Omit the images, then print each record below exactly as it reads.

---

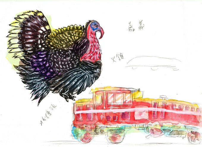 之前的嘉義明信片,自己畫的素材。 #シチメンチョウ #きしゃ #水彩絵 #素材 #ねた #はがき
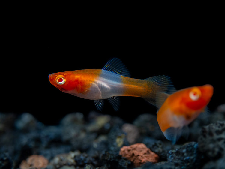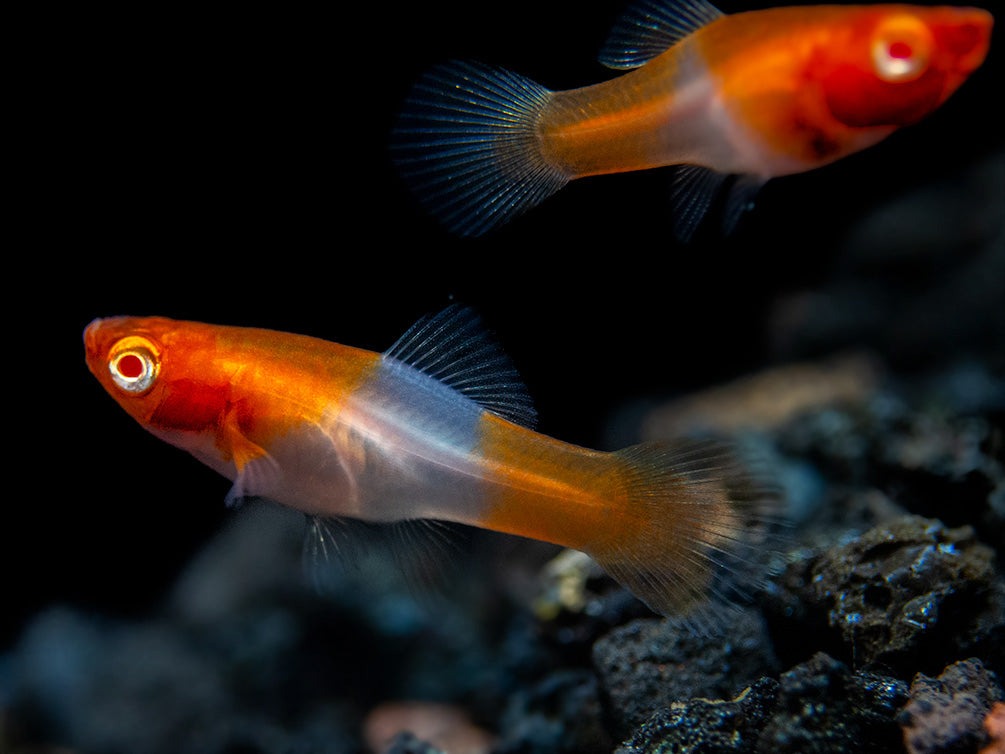 While not a picky eater, the Albino Koi Kohaku Swordtail will thrive and remain very colorful on a varied diet of meaty foods. High-quality flake food, pellets, and frozen or freeze-dried tubifex and bloodworms will all be readily accepted.
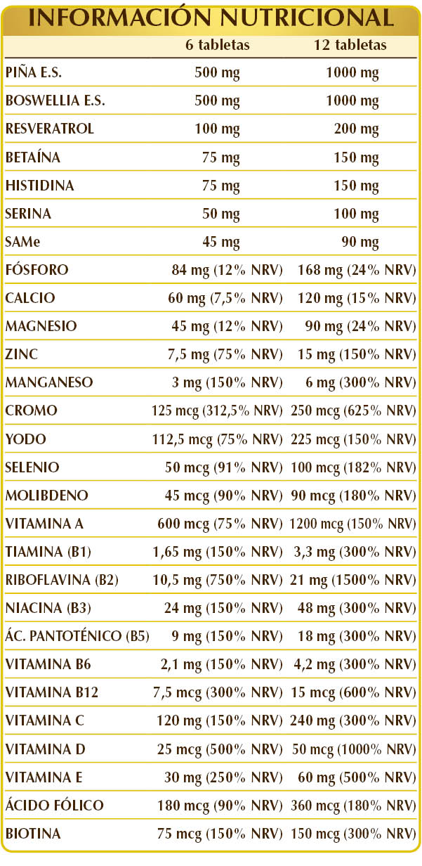 Piña (Ananas comosus) tallos de los frutos E.S. (bromelina 2500 GDU/g), boswellia (Boswellia serrata) goma-resina E.S. (estandarizado al 65% en ácidos boswélicos), celulosa microcristalina°, goma arábiga°, fosfato cálcico básico, glicerofosfato de magnesio, vitamina C (ácido ascórbico), resveratrol de origen vegetal, SAMe (S-adenosil metionina disulfato tosilato), betaína, (L-)histidina, vitamina E de origen vegetal (acetato de D-α-tocoferilo), dióxido de silicio°°, gluconato de zinc, (L-)serina, óxido de magnesio, gluconato de manganeso, vitamina B3 (nicotinamida), estearato de magnesio de origen vegetal°°, vitamina B2 activada (riboflavina 5-fosfato de sodio), liquen (Cladonia rangiferina) talo E.S. (estandarizado en vitamina D3 colecalciferol 100.000 UI/g), vitamina B5 (pantotenato de calcio), vitamina A (acetato de retinilo), vitamina B6 activada (piridoxal-5-fosfato), vitamina B1 (clorhidrato de tiamina), picolinato de cromo, ácido fólico activado (L-metilfolato de calcio), yoduro de potasio, molibdato de sodio, seleniato de sodio, biotina, vitamina B12 activada (5-desoxiadenosilcobalamina, metilcobalamina).
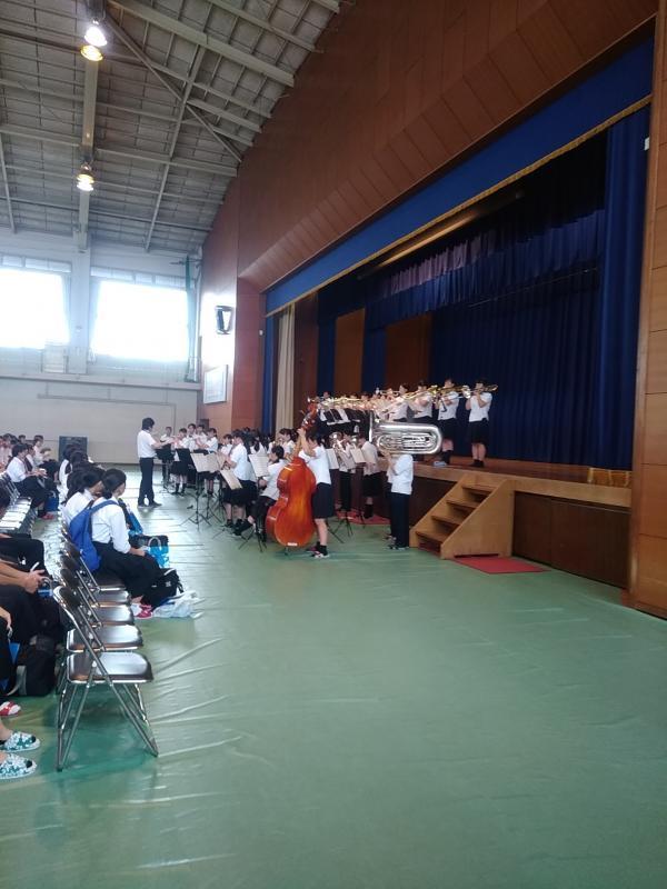 今日が、夏季オープンスクールの初日である。中学校3年生とその保護者、総勢700名の方々に来校していただいた。9時半からの開始に先立って、吹奏楽部の演奏とダンス部の演技が体育館で披露された。吹奏楽部は甲子園の応援マーチや校歌などを、また、ダンス部は、今夏の全国大会で演じる作品を披露し、大きな拍手を浴びていた。
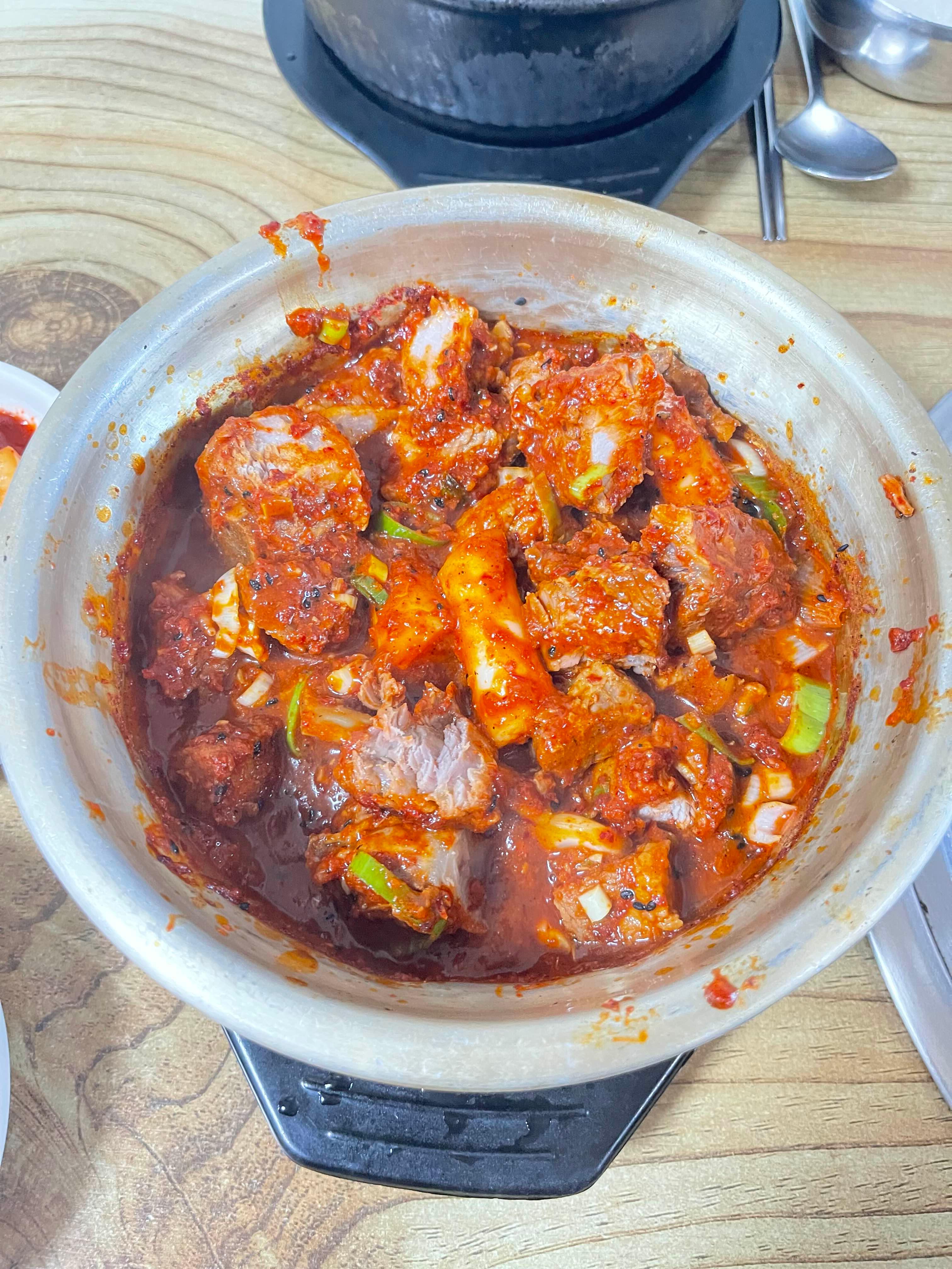 매운 등갈비는 커다란 양은 냄비에 꽉꽉 담겨 나와요 🤩
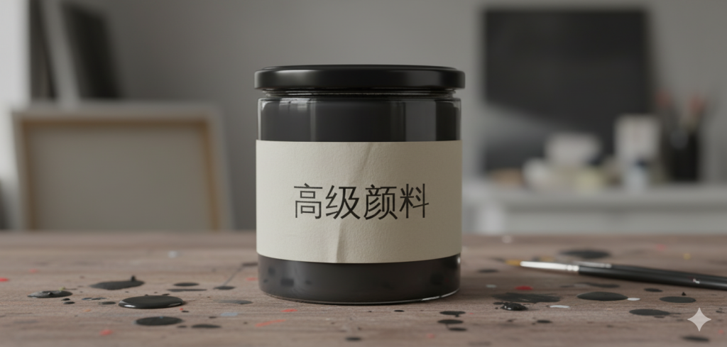 a glass can with plastic lid, black paint inside, wrapping paper writing "高级颜料" (as in the reference image)
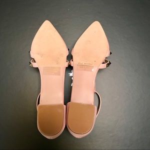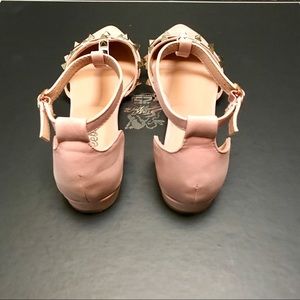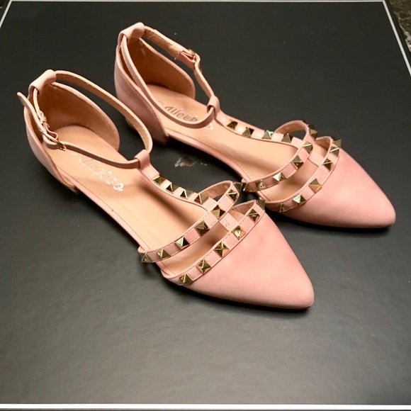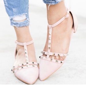 Vegan suede ankle straps sandals. They are brand new. I only tried them on once. Although I really love these shoes, I am re-poshing because they run a little big. I should have ordered a size 5.5. Also, the 1st picture depicts true color of blush on the shoes.
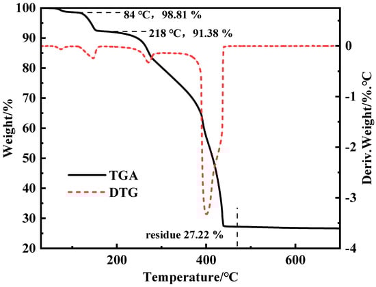 The thermogravimetric curve of ZnL was presented in Figure 2 using a thermogravimetric analyzer [34]. Based on the curve of ZnL, a mass loss of 1.19% at 84 °C was observed, which was due to the removal of free water from ZnL. A further mass loss of 7.43% was recorded for the sample at 218 °C, which was caused by the removal of crystalline water from ZnL. Meanwhile, the theoretical mass loss value for ZnL containing 5/2 crystalline water was calculated to be 7.64%, which was found to be very close to the actual value observed for ZnL. This indirectly verified the result of the above-mentioned elemental analysis involving 5/2 crystalline water. The molding temperature of PVC typically ranges from 160 to 220 °C, and it was found that the mass fraction of ZnL remained at 90% even at 245 °C. This indicated that ZnL was stable at the processing temperatures of PVC and met the basic requirements for being a PVC heat stabilizer. The mass fraction of ZnL stabilized at 27.22% and no longer decreased after heating at 540 °C, indicating that the thermal degradation of ZnL had been completed. The mass fraction of ZnL obtained from this result was basically consistent with that obtained from the crucible TG experiment (27.83%). It could, thus, be proven again that the molecular formula of the synthesized ZnL was Zn2(C10H9NO4)2·5/2H2O.
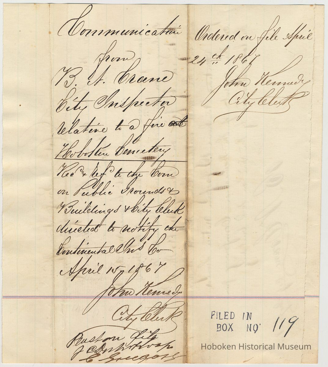 Letter from City Inspector B.N. Crane to City Council, Hoboken, April 15, 1867 informing them of house at Hoboken Cemetery ground destroyed by fire on the 13th; requesting the insurance company be notified of the loss. Holographic ink on lined paper, 7" x 8"; folds. City Clerk John Kennedy file notes and numbers.
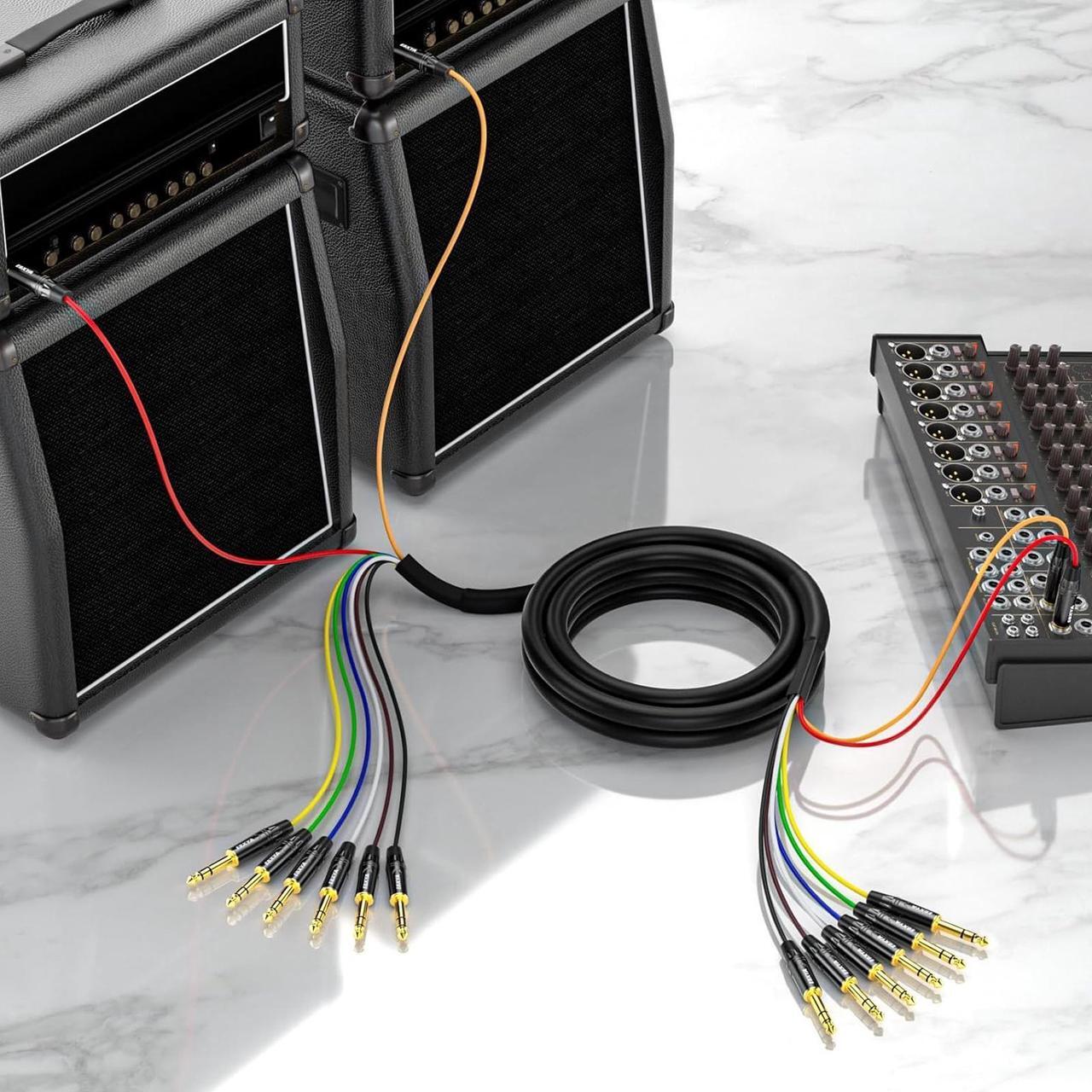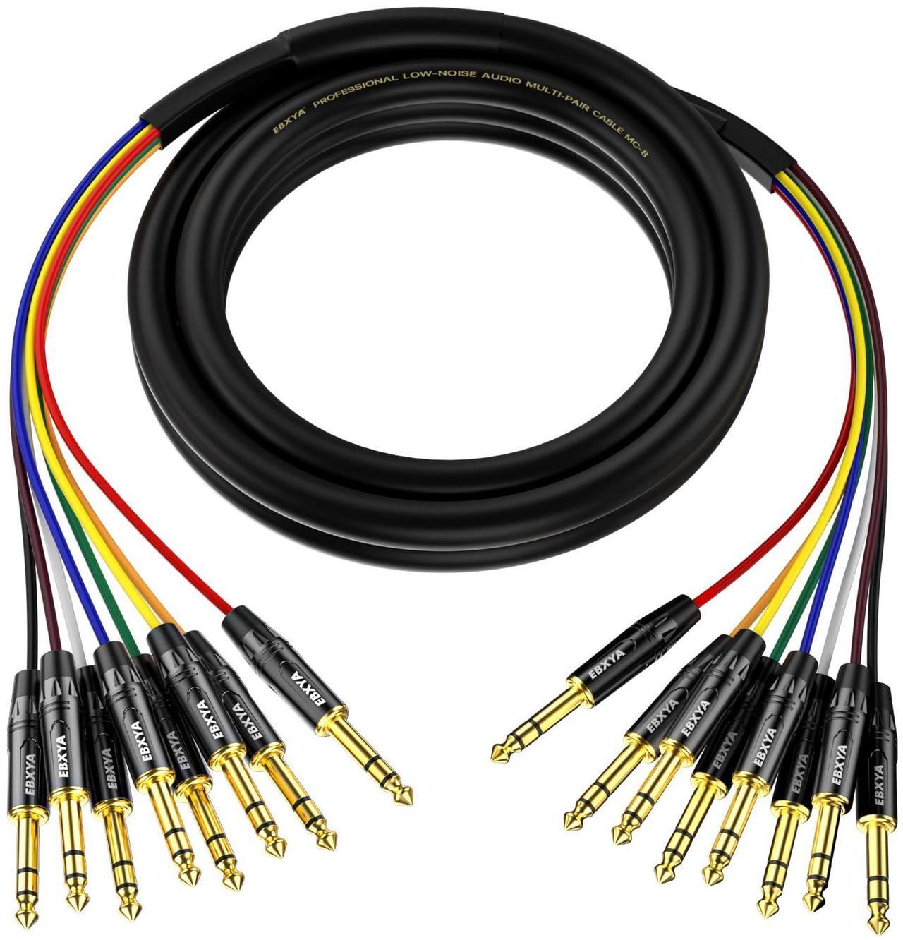 EBXYA 8-Channel 1/4 Inch TRS to TRS Snake Cables 10ft, 6.35mm Male Jack Stereo Audio Balanced Line for Keyboard, Amplifier, Speaker, Mixer, 1 Pack

---

* Exercise output:
 之前的嘉義明信片,自己畫的素材。 #シチメンチョウ #きしゃ #水彩絵 #素材 #ねた #はがき
 While not a picky eater, the Albino Koi Kohaku Swordtail will thrive and remain very colorful on a varied diet of meaty foods. High-quality flake food, pellets, and frozen or freeze-dried tubifex and bloodworms will all be readily accepted.
 Piña (Ananas comosus) tallos de los frutos E.S. (bromelina 2500 GDU/g), boswellia (Boswellia serrata) goma-resina E.S. (estandarizado al 65% en ácidos boswélicos), celulosa microcristalina°, goma arábiga°, fosfato cálcico básico, glicerofosfato de magnesio, vitamina C (ácido ascórbico), resveratrol de origen vegetal, SAMe (S-adenosil metionina disulfato tosilato), betaína, (L-)histidina, vitamina E de origen vegetal (acetato de D-α-tocoferilo), dióxido de silicio°°, gluconato de zinc, (L-)serina, óxido de magnesio, gluconato de manganeso, vitamina B3 (nicotinamida), estearato de magnesio de origen vegetal°°, vitamina B2 activada (riboflavina 5-fosfato de sodio), liquen (Cladonia rangiferina) talo E.S. (estandarizado en vitamina D3 colecalciferol 100.000 UI/g), vitamina B5 (pantotenato de calcio), vitamina A (acetato de retinilo), vitamina B6 activada (piridoxal-5-fosfato), vitamina B1 (clorhidrato de tiamina), picolinato de cromo, ácido fólico activado (L-metilfolato de calcio), yoduro de potasio, molibdato de sodio, seleniato de sodio, biotina, vitamina B12 activada (5-desoxiadenosilcobalamina, metilcobalamina).
 今日が、夏季オープンスクールの初日である。中学校3年生とその保護者、総勢700名の方々に来校していただいた。9時半からの開始に先立って、吹奏楽部の演奏とダンス部の演技が体育館で披露された。吹奏楽部は甲子園の応援マーチや校歌などを、また、ダンス部は、今夏の全国大会で演じる作品を披露し、大きな拍手を浴びていた。
 매운 등갈비는 커다란 양은 냄비에 꽉꽉 담겨 나와요 🤩
 a glass can with plastic lid, black paint inside, wrapping paper writing "高级颜料" (as in the reference image)
 Vegan suede ankle straps sandals. They are brand new. I only tried them on once. Although I really love these shoes, I am re-poshing because they run a little big. I should have ordered a size 5.5. Also, the 1st picture depicts true color of blush on the shoes.
 The thermogravimetric curve of ZnL was presented in Figure 2 using a thermogravimetric analyzer [34]. Based on the curve of ZnL, a mass loss of 1.19% at 84 °C was observed, which was due to the removal of free water from ZnL. A further mass loss of 7.43% was recorded for the sample at 218 °C, which was caused by the removal of crystalline water from ZnL. Meanwhile, the theoretical mass loss value for ZnL containing 5/2 crystalline water was calculated to be 7.64%, which was found to be very close to the actual value observed for ZnL. This indirectly verified the result of the above-mentioned elemental analysis involving 5/2 crystalline water. The molding temperature of PVC typically ranges from 160 to 220 °C, and it was found that the mass fraction of ZnL remained at 90% even at 245 °C. This indicated that ZnL was stable at the processing temperatures of PVC and met the basic requirements for being a PVC heat stabilizer. The mass fraction of ZnL stabilized at 27.22% and no longer decreased after heating at 540 °C, indicating that the thermal degradation of ZnL had been completed. The mass fraction of ZnL obtained from this result was basically consistent with that obtained from the crucible TG experiment (27.83%). It could, thus, be proven again that the molecular formula of the synthesized ZnL was Zn2(C10H9NO4)2·5/2H2O.
 Letter from City Inspector B.N. Crane to City Council, Hoboken, April 15, 1867 informing them of house at Hoboken Cemetery ground destroyed by fire on the 13th; requesting the insurance company be notified of the loss. Holographic ink on lined paper, 7" x 8"; folds. City Clerk John Kennedy file notes and numbers.
 EBXYA 8-Channel 1/4 Inch TRS to TRS Snake Cables 10ft, 6.35mm Male Jack Stereo Audio Balanced Line for Keyboard, Amplifier, Speaker, Mixer, 1 Pack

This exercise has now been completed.